“Words are one thing,” I say. “Action is what matters.”
I knew the moment Sithren gave me this gadget that I’d never use it. I knew that he was right when he told me I would be his. I am his. I love him. And my love makes me captive, just as he told me it would. What he didn’t tell me, at least, what I don’t remember him telling me, is how much joy I would find in it.
I take the button he gave me out of my pocket, and as he watches me, I open the back of it, pull the wires so it cannot transmit, then crush it between two rocks until it is a fine plastic powder.
There is no going back. There is only forward with my family here in the Dinavri wilds. I do not know what the future will bring, but I do know that whatever it looks like, whatever fate may bring, I am here.
For better or worse, I am home.
EPILOGUE
Years later…
It is Tethys’ thirteenth birthday. We have been in the wild for three years now. I am swelling with child, and I do mean swelling. Not just my belly, but my breasts, my ankles, and my belly besides. It has been almost nine months of slowly growing wider and rounder. Any day now, a new soul will join the wild.
“You should stop fussing,” Sithren says. “She will love what you have made her.” He is sitting at the door of the house, working on sharpening his spear. He is wearing nothing besides a thick band of fabric around his waist and through his thighs. He has been roughened and toughened by this life. His scaling shows some signs of sun bleaching. He’s broader and bigger, his body accustomed to the rigors of the hunt. He has not left my side for the last two weeks. I am due soon and he refuses to miss the birth. I think he is worried about me. The twins were hard births, and a surprise to us all.
I’ve been distracting myself by working on a new dress for Tethys. I never used to be a seamstress but being in the wild means having to develop new skills. Feeding ourselves, clothing ourselves, these are the fundamentals.
“Where are Henry and Melissa?”
“Following Tethys around like a couple of bad smells.” He smiles. “You know, she’s taking good care of them.”
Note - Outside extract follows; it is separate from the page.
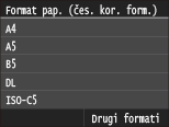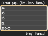 Ako se zaslon prikazan iznad ne prikazuje, a papir je umetnutAko uvijek umećete isti papir u utor za ručno ulaganje, preskočite operacije postavljanja papira tako da registrirate format papira i vrstu kao standardne postavke. Kada je registrirana standardna postavka, međutim, zaslon iznad se ne prikazuje. Da bi se prikazao zaslon, odaberite <Isključeno> za <Registriraj stand. postavke> (Registriranje standardnih postavki papira za utor za ručno ulaganje).

Our twins are two years old and have attached to Tethys with great admiration. To the relief of the tribe, they do both have some scaling about their eyes and their ears and down their arms. They have slitted golden eyes and the cutest little sharp teeth. Other than that they look like humans, like me. I wonder if this next baby will look like them, or if he or she will be more human. I know I will love it no matter what it is.
“Mom!”
My kids are home.
Tethys is carrying Melissa. Henry is clutching Tethys’ dress and has his other hand stuffed in his mouth. The kid eats more dirt than he eats food. I used to try and stop it, but I have resigned myself to the inevitability of it now. Parenthood is about letting go or going insane.
“Is that for me?” Tethys sees the dress before I can hide it. I gathered berries to dye the cloth to a pink and purple hue. It’s very pretty, just as she is.
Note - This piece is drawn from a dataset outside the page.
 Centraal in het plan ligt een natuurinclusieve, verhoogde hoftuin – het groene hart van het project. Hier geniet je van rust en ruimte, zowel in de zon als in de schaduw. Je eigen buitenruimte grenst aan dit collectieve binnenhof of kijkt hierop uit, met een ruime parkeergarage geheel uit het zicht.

“Yes. It’s your present. Do you like it?”
“It’s so pretty!” she squeals. “Thank you! I can’t wait to try it on.”
“Pwetty!” Melissa echoes her older sister. Melissa wants nothing more than to be pink like Tethys, to be tall like Tethys, to be called Tethys, like Tethys.
“I’ve made you a little dress too, but you have to be good when the new baby comes,” I tell her. Reasoning with a two-year-old is fairly pointless, but I try anyway. Eventually, she’ll respond to it. For now she makes little chubby grabby hands for her dress.
I feel a sharp pain in my side, followed by a gush of warmth.
“Sithren!”
It’s happening. It’s happening right now. And it’s happening fast. I’ve been getting little contractions for a couple of days now, and I just ignored them. Now, I suddenly cannot ignore them. I can hardly breathe.
I bend double and Sithren takes me to the back where we agreed I’d give birth. It’s supposed to be a time of quiet contemplation, but that never pans out where I’m concerned. The villagers know to sweep my kids away so they don’t have to listen to the animal noises I make as new life uses my body as a portal.
Over the following hour, I come to a primal reckoning with myself and the process of birth. It hurts. They say it doesn’t hurt, but it absolutely does.